We know that resistance to leptin is possible. Both leptin and ghrelin interact with nucleus accumbens area, known as rewarding center of brain. This area is responsible for feeling good, and activated by rewards such as food or sex. At the same time, it is believed to have a connection with addiction. However, in obesity as fatty tissue increases leptin levels do, too, making you insusceptible to leptin. As you get insusceptible, you feel hungrier. A lot of people complain that they can’t lose weight even if they are on a diet and they exercise. Now you know why.

There is also a “set point theory”. According to this, you feel comfortable at a stable, long-term weight figure and your body does not want it to change. When you start losing weight, your survival mechanisms are triggered and they begin working to prevent weight loss. However hard you try to be healthy and lose weight, your body thinks something is wrong and tries to stop it.

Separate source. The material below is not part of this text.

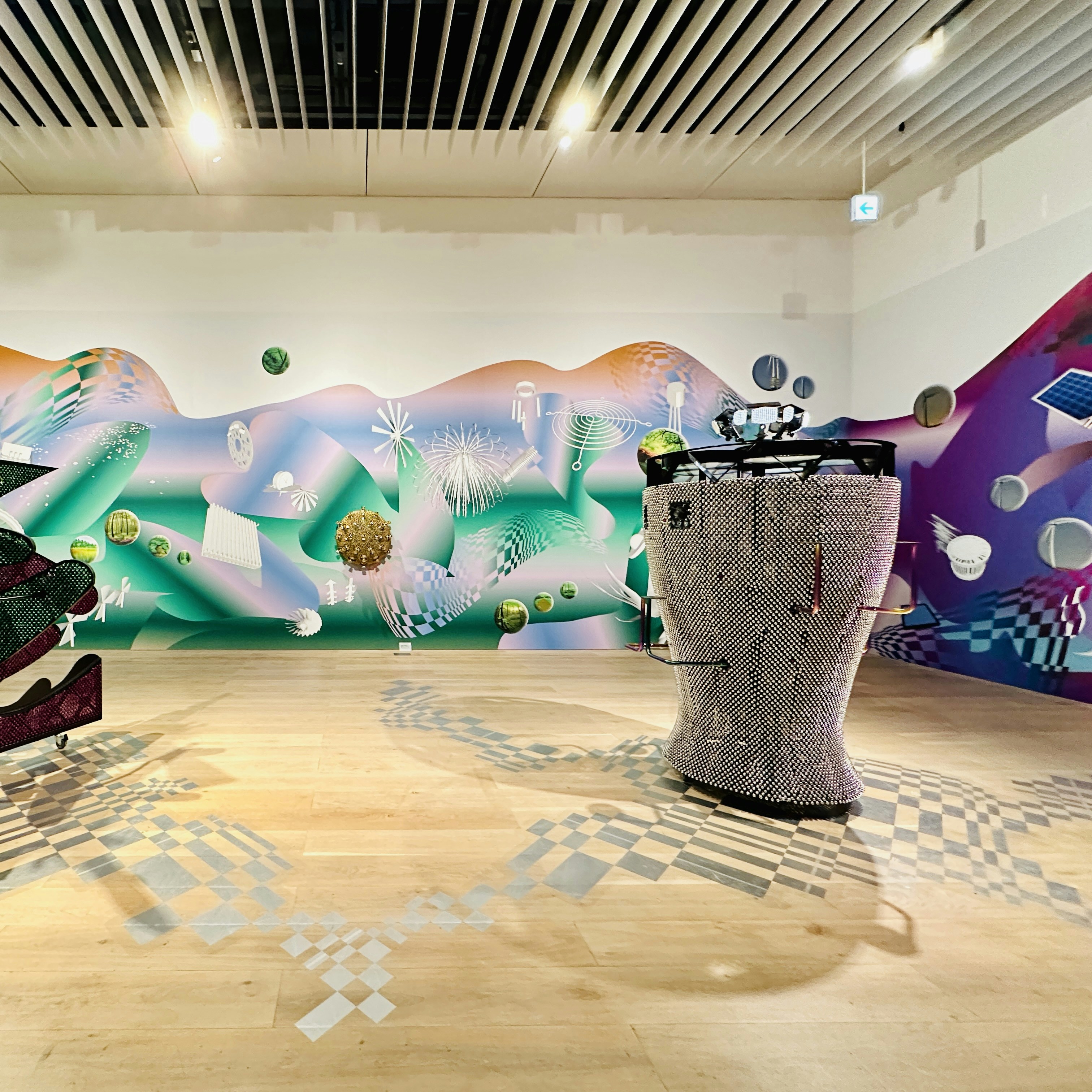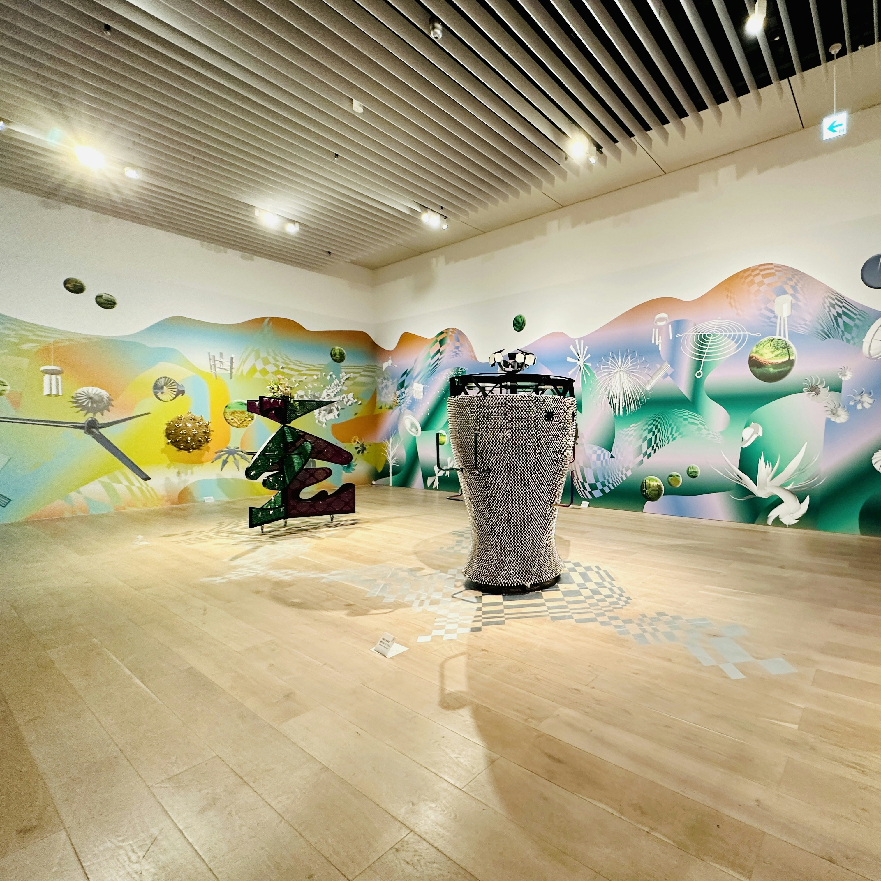 壁面が《ソニック・ローテーティング・半球上のどこかへの入口たち #25》(2023)

However much kilos you have, your body thinks that it is on the way to death and tries to survive when you lose weight. It is easy to understand if we consider our primitive ancestors.

Leptin levels decrease in blood when we lose weight with a diet. This leads to a fall in thyroid activity, sympathetic nervous system tone, and energy consumption of muscles. Eventually, balance mechanisms takes your basal metabolic speed down in the figures below set values that body has defined. This change also has some impacts on brain areas responsible for the emotional and cognitive controls of appetite.

In conclusion, obesity surgery does a very different thing than diet. It resets metabolism by breaking the vicious leptin-ghrelin cycle resulting from calorie restriction. Thus, our set point value and basal metabolism are redefined. Increasing activity after obesity surgery, disappearance of hunger sense, feeling cold more are just some of the indicators of this. Obesity surgery is not only a help for your diet by minimizing your stomach, but it is a very radical intervention to your disrupted metabolic balance.